Governor Lee added, “Considering that Korea’s household debt relative to GDP is higher than major countries and the proportion of variable-rate loans is also high, we are expanding safety nets such as support for vulnerable borrowers directly affected by interest rate hikes. Given the soundness of the banking sector, Korea’s household debt level is sufficiently manageable.”

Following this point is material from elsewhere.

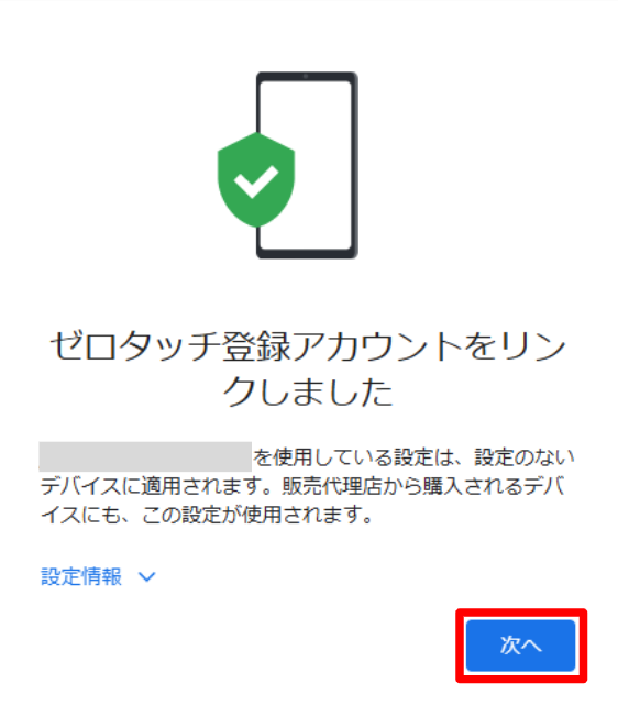 ・以降の手順は、Fully managed deviceでEMM識別子(EMMトークン)またはGoogleアカウントを利用して設定する場合と同様です。

Regarding concerns about principal losses on derivatives due to the sharp drop in Hong Kong stocks, he responded, “Most maturities are due from 2024 onward, so the possibility of large-scale losses in the short term is low.” He added, “Currently, securities firms are appropriately preparing for potential margin calls by expanding foreign currency funds and establishing foreign currency funding contingency plans.” He also said, “If the index decline continues, we will strengthen monitoring to prepare for possible investor losses and continuously check securities firms’ foreign currency liquidity holdings and foreign currency funding contingency plans.”


He further stated, “Another task for the financial authorities is to establish an institutional foundation to create a favorable environment for foreign investment in the Korean financial market.” He promised, “We will enhance the global consistency of the Korean financial market and expand its scope through regulatory rationalization such as improving foreign investment systems.” He mentioned, “We will take this as a good opportunity to improve unreasonable factors and the overall structure of the Korean financial market so that it can be an attractive market from the perspective of the global financial industry.”





This content was produced with the assistance of AI translation services.